Data shown
--- START ---
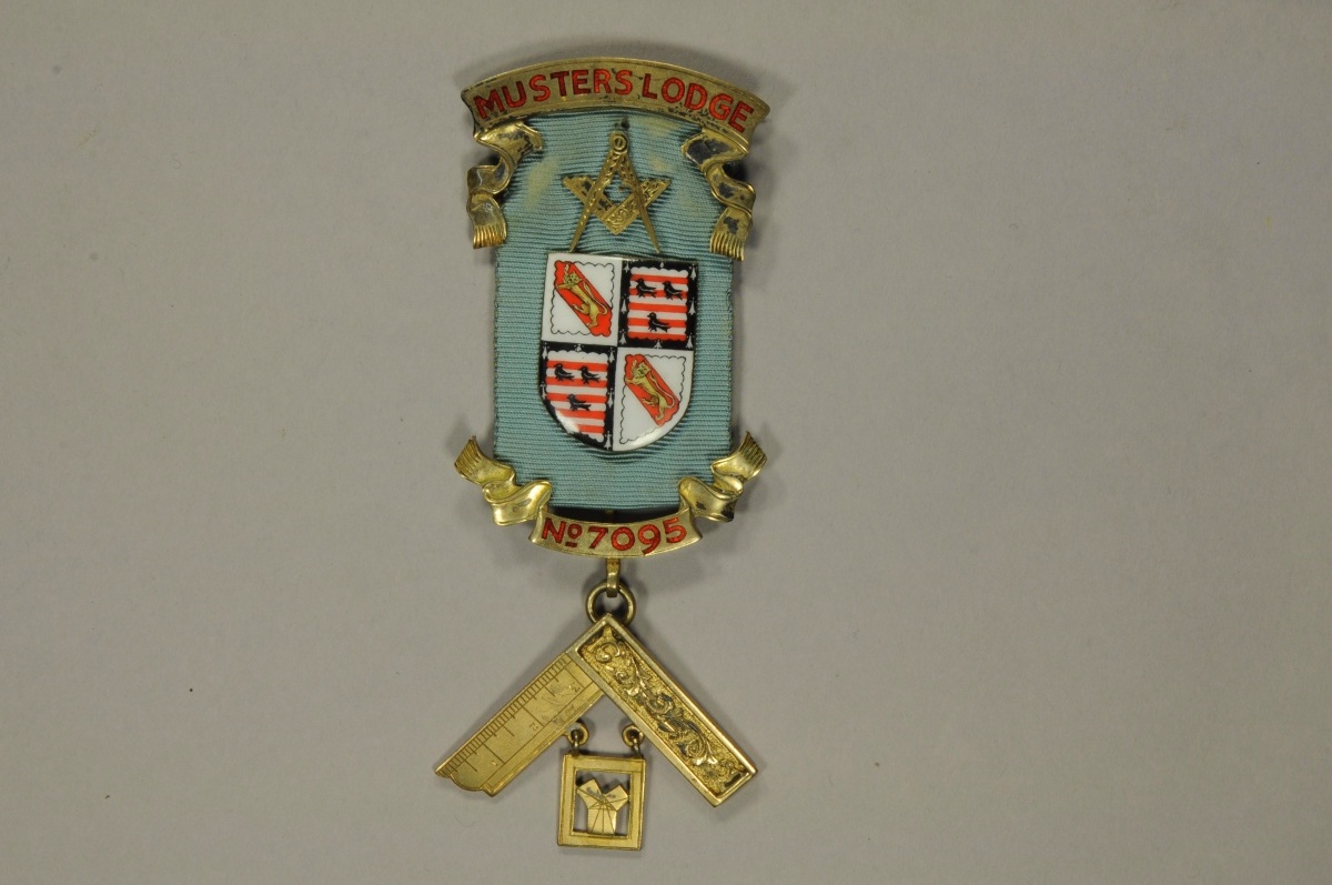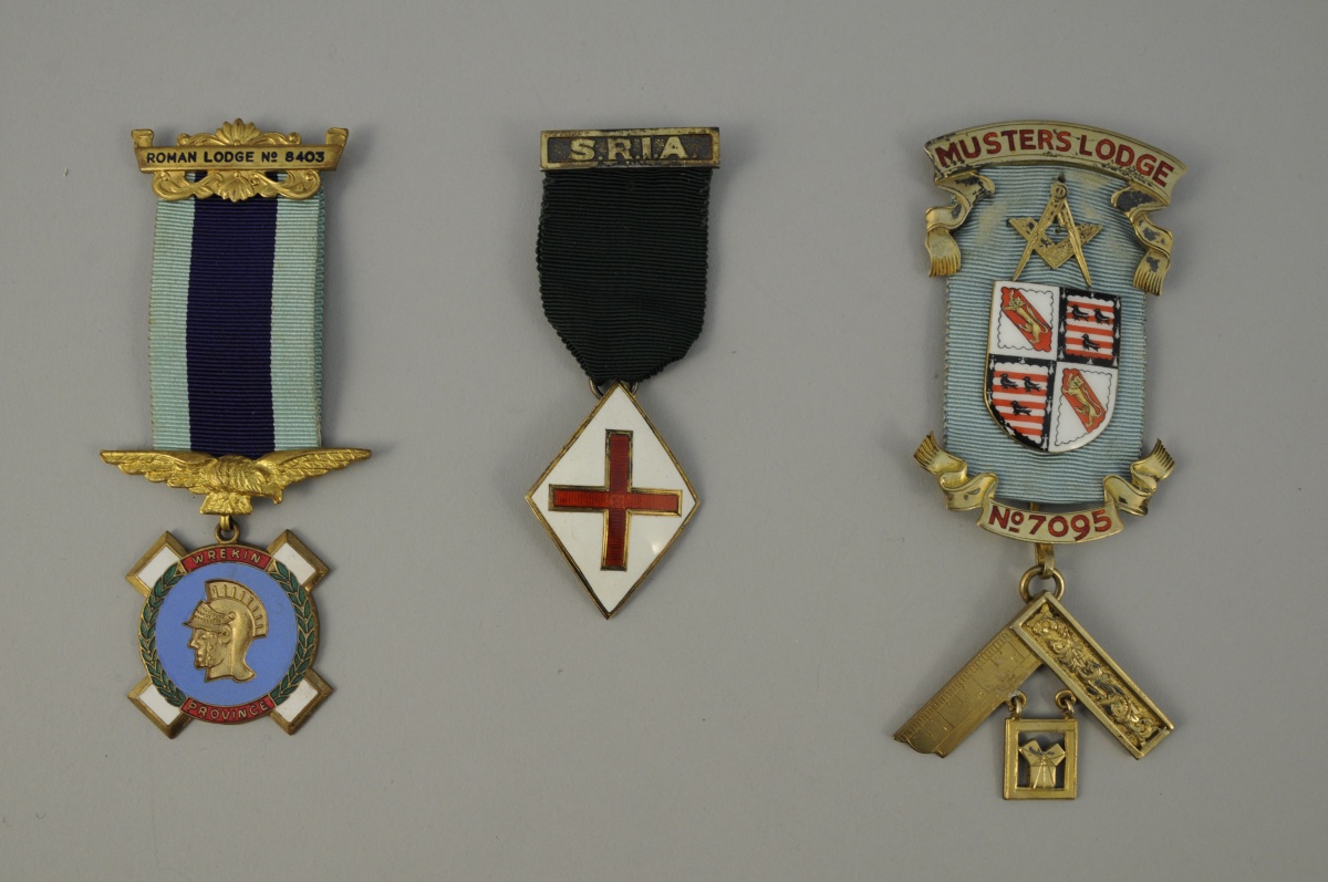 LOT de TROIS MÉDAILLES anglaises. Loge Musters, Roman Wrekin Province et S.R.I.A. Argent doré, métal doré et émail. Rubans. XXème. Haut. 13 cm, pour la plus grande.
--- END ---
--- START ---
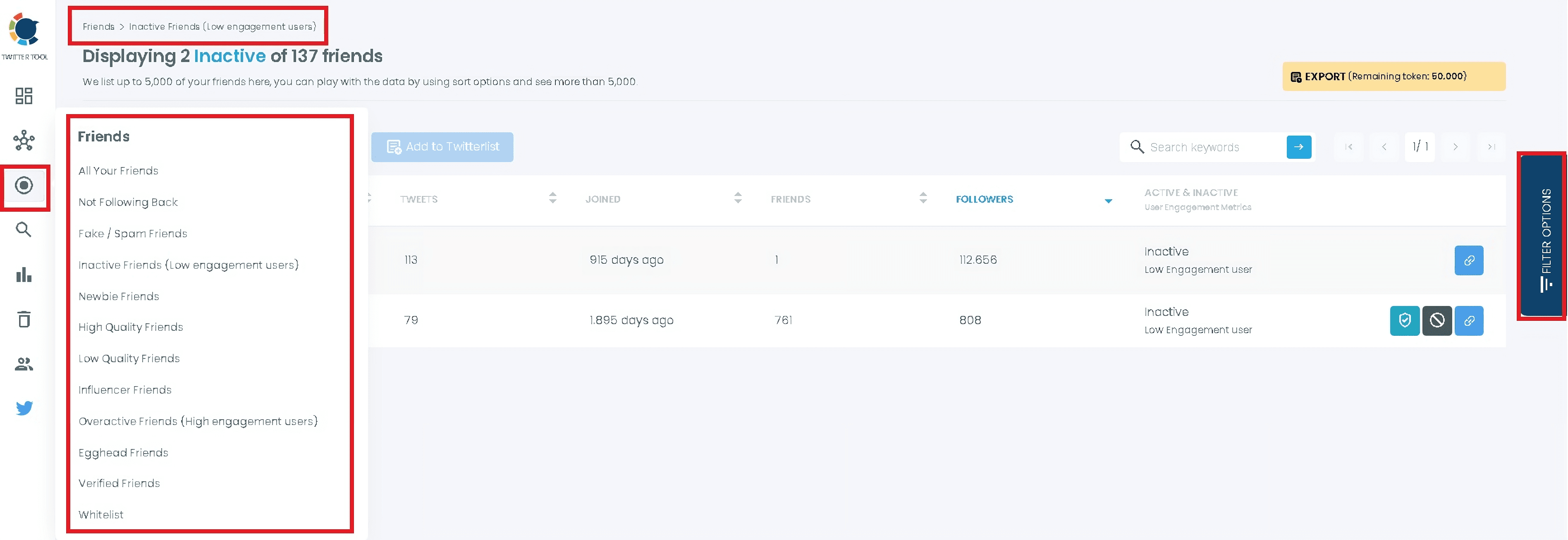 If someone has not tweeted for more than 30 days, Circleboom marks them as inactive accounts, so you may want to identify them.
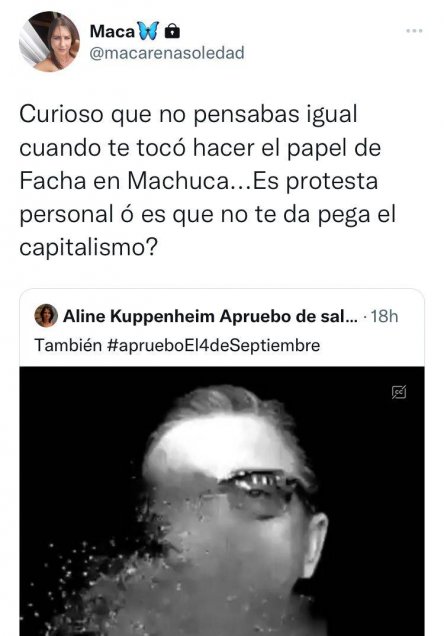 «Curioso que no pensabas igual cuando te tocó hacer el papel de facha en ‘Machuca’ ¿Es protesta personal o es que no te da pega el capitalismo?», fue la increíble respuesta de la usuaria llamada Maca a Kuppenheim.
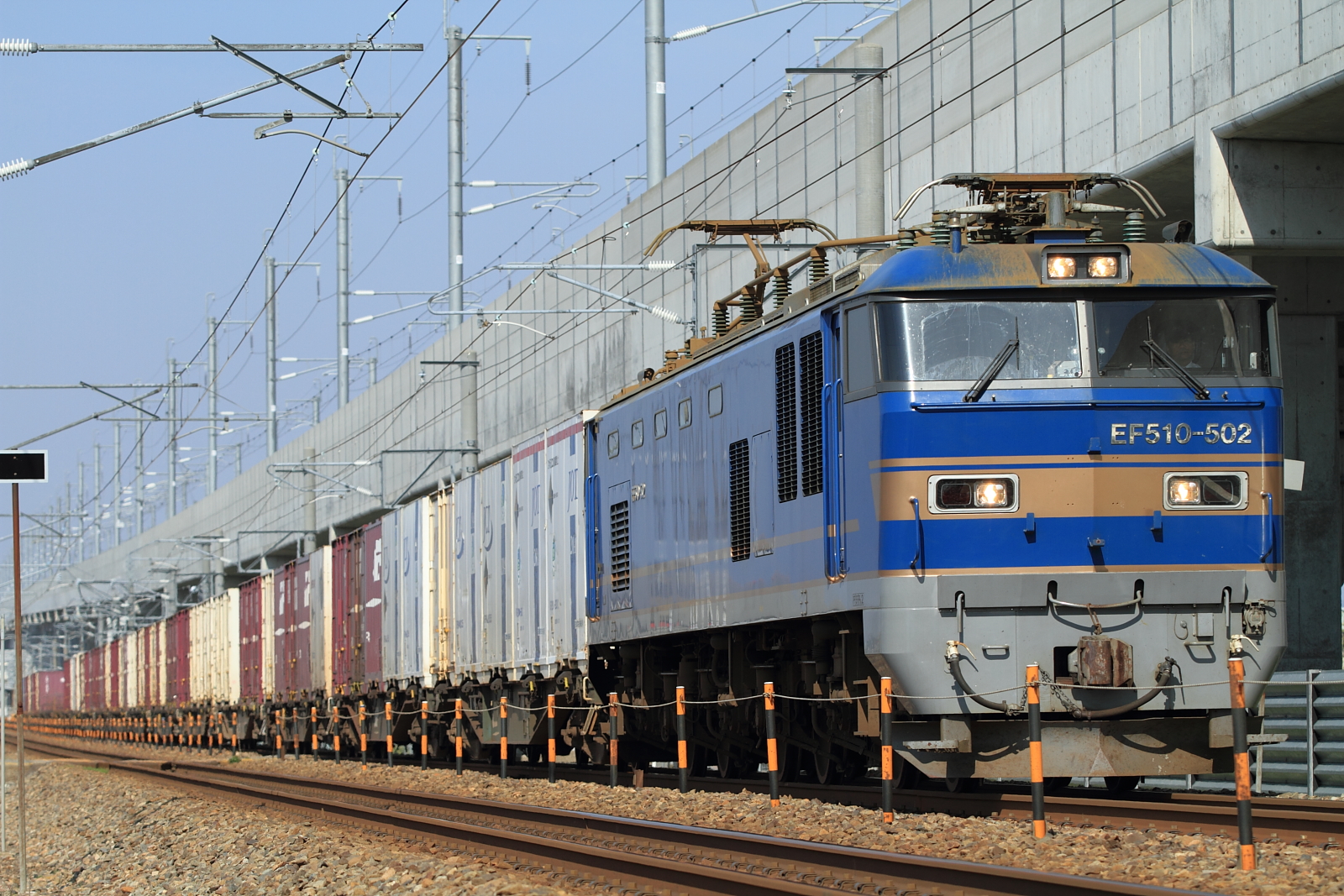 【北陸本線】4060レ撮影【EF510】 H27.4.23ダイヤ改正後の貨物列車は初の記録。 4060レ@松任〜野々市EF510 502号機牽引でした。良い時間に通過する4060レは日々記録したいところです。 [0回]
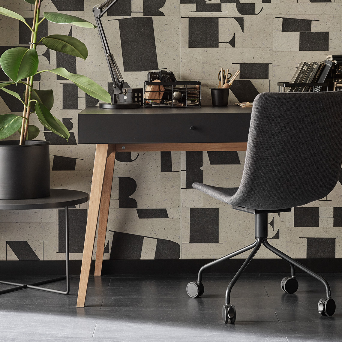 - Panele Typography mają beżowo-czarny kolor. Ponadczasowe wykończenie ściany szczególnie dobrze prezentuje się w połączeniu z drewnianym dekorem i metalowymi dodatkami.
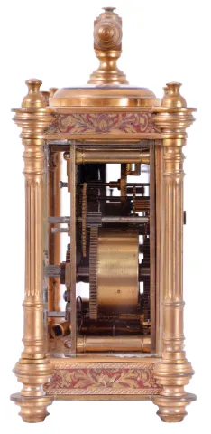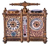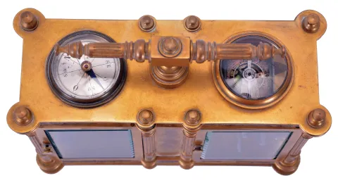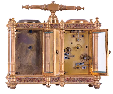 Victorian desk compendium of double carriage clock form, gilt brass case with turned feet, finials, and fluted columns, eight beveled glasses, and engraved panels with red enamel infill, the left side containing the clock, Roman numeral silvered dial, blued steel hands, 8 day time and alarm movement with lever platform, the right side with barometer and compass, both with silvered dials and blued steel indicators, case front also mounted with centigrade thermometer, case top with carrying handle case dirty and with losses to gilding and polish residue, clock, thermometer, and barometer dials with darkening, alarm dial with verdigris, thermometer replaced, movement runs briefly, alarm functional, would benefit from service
--- END ---
What needs to be done
Without the pictures, give again exactly the lines above starting at the line containing "- Panele Typography" and ending at the line containing "Victorian desk compendium".

Completed exercise
 - Panele Typography mają beżowo-czarny kolor. Ponadczasowe wykończenie ściany szczególnie dobrze prezentuje się w połączeniu z drewnianym dekorem i metalowymi dodatkami.
 Victorian desk compendium of double carriage clock form, gilt brass case with turned feet, finials, and fluted columns, eight beveled glasses, and engraved panels with red enamel infill, the left side containing the clock, Roman numeral silvered dial, blued steel hands, 8 day time and alarm movement with lever platform, the right side with barometer and compass, both with silvered dials and blued steel indicators, case front also mounted with centigrade thermometer, case top with carrying handle case dirty and with losses to gilding and polish residue, clock, thermometer, and barometer dials with darkening, alarm dial with verdigris, thermometer replaced, movement runs briefly, alarm functional, would benefit from service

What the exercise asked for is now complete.